I thought the sagging economy was someone else’s burden. My job situation was secure. I even wrote a blog about it in January. That was until the big bad wolf huffed and puffed and blew my secure job right out the door.

For the first time in forty years, I am unemployed. I am numb. However that is another adventure to explore at a later date. I believe you are here to read the conclusion of my next to the latest adventure. I am sorry, but this will not be the final blog about my adventure. Yippee, my current adventure will continue for the next three weeks. That’s right this yucky surgery adventure will walk hand and hand with my creepier out of work adventure. So if you are a current follower, or an on the fence follower, hold on to your hats, It is going to be a bumpy ride.

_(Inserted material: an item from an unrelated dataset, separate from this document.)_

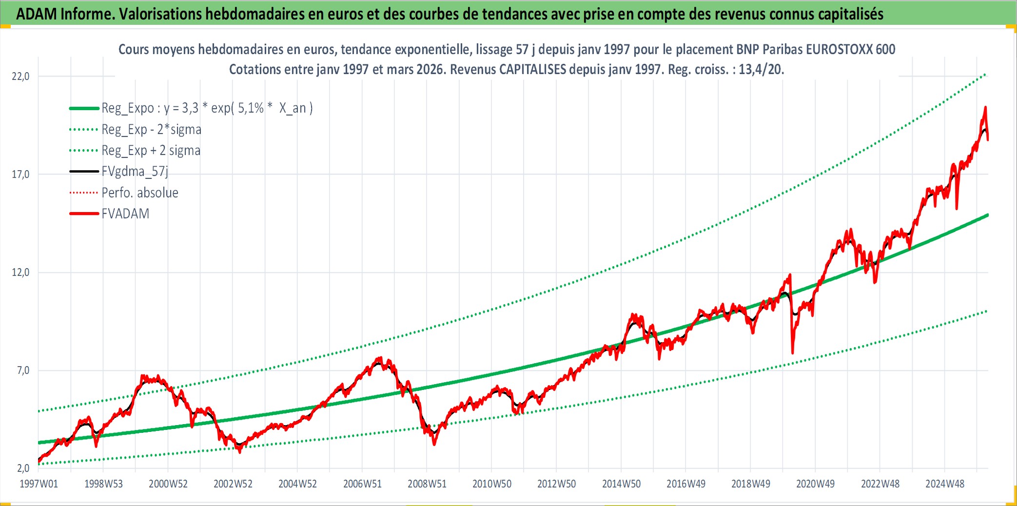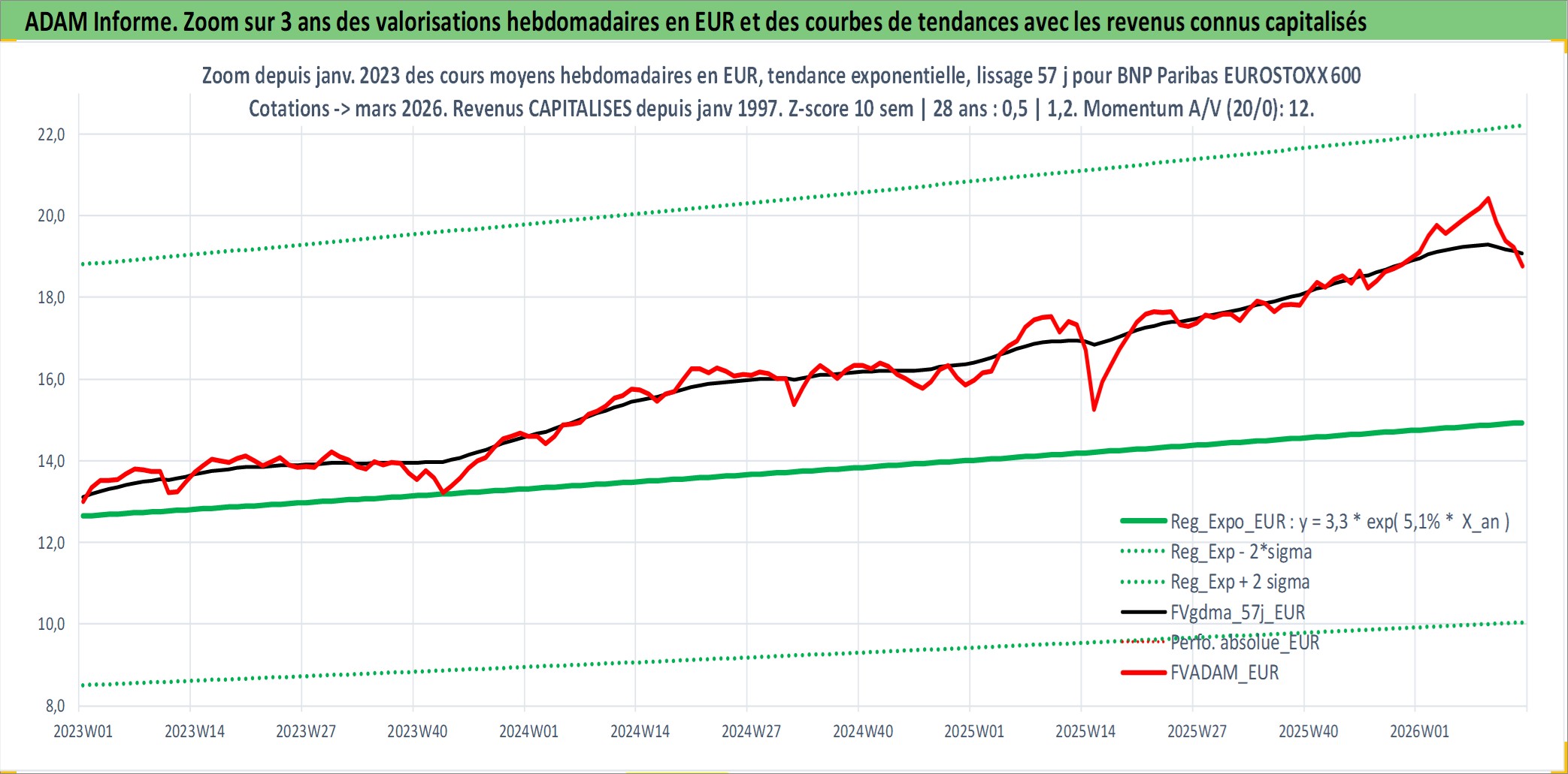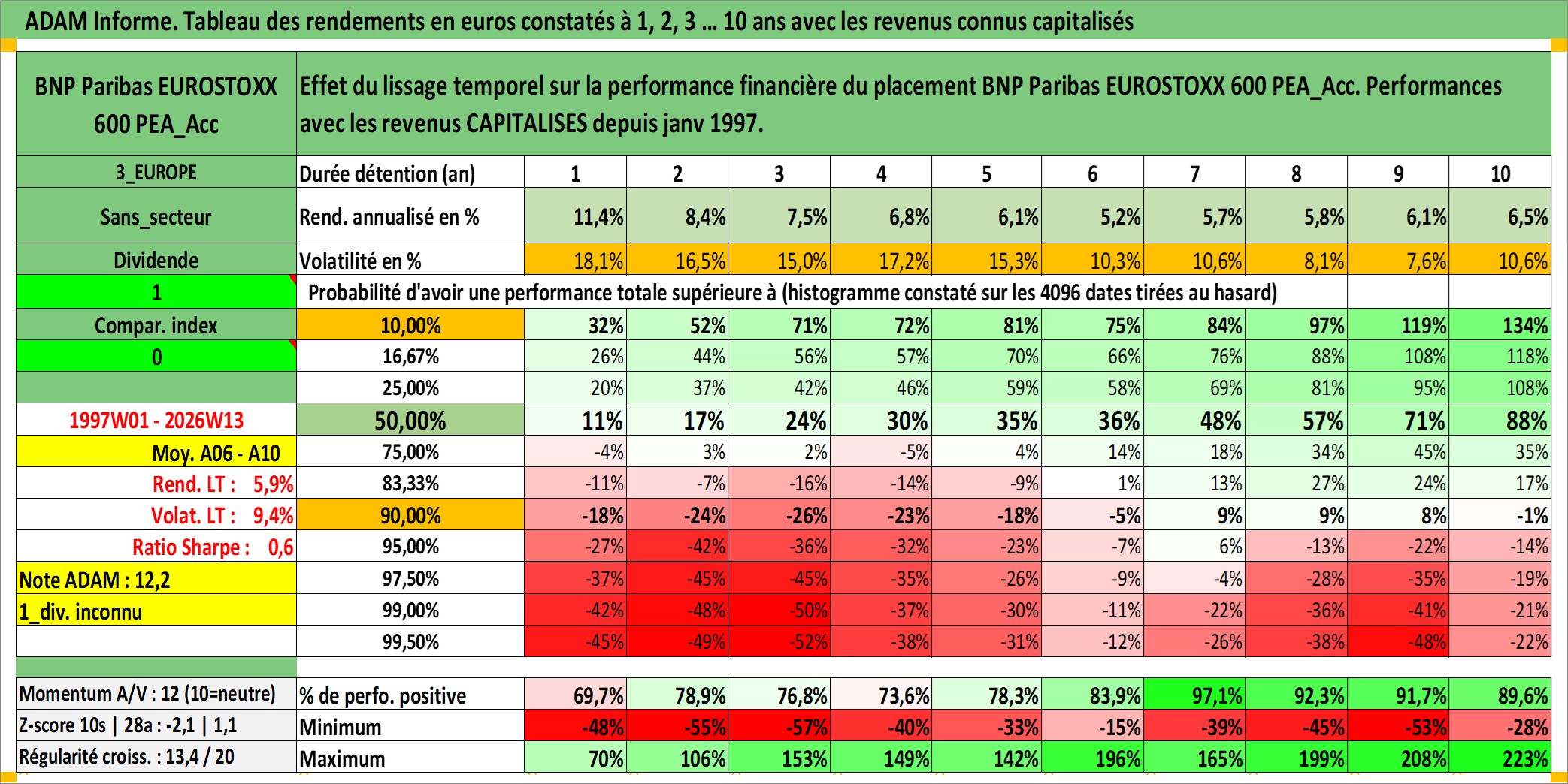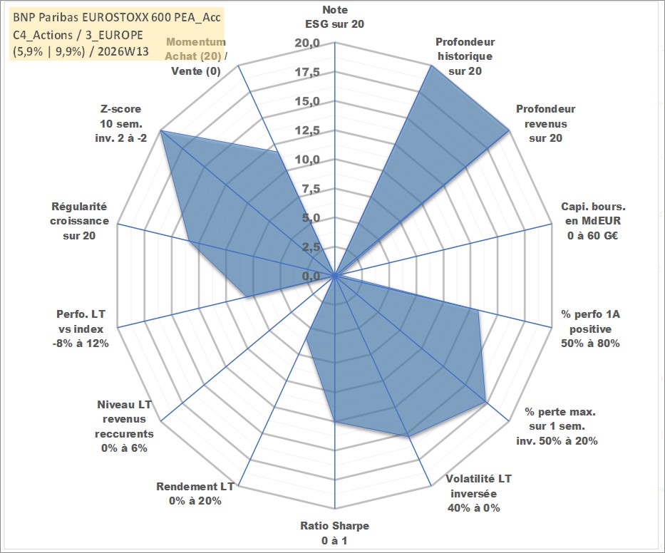Site dédié aux investisseursPage dédiée sur site financeAnalyse des valorisations hebdomadaires du fonds BNP Paribas EUROSTOXX 600 PEA_Acc. Cet actif est cote en EUR. Les valorisations couvrent les semaines 1997W01 a 2026W13. Les revenus de cet actif financier sont pris en compte depuis la semaine 1997W01. La note ESG de cet actif n'est pas connue.

I am not sure if I have ever explained the logistics of my current condition. Most of you know I had prostate cancer, and for those that are new and had no idea, I suggest you go back to my blog for December 17th and familiarize yourself with my last adventure. Go ahead we will wait for you.

Lalalalala. I hope you don’t mind if I hum while we wait. If there are any one of you wishing to join in please feel free to do so.
Oh good they’re back. Was it all that you had hoped for? I know I was personally riveted to the adventure, but then I had a great advantage point to observe from.

What follows is totally embarrassing. I tried to train one of daughter Raballard’s pet rats to type, that way I could be in the other room when my condition was discussed. However the pet rats are not talking to me seems as if I made them out to be villains in my book INTO THE BLACK REALM. Needless to say they want little to do with me and left it up to me to discuss my condition. So here I go. Wait, before I continue, could I make a simple request? I would ask each one of you to read the following sentences with one eye closed. If you could read with both eyes closed that would be better. I figure maybe that will soften the blow to my ego.

There is a certain side effect that follows most victims of prostate cancer. More times than not the condition corrects itself. Most of you have seen the little boy fountain, you know the fountain where the water comes from a precarious location. I bet you didn’t know that you can actually turn of the flow from the precarious place. It’s as easy as turning off the valve. The fountain is off; it will not be turned on again unless you turn it on. Ok here’s the embarrassing part. In my case my little boy fountain returned itself on. I was hopeless. Do I need to say more? Good lets change to another part of the adventure.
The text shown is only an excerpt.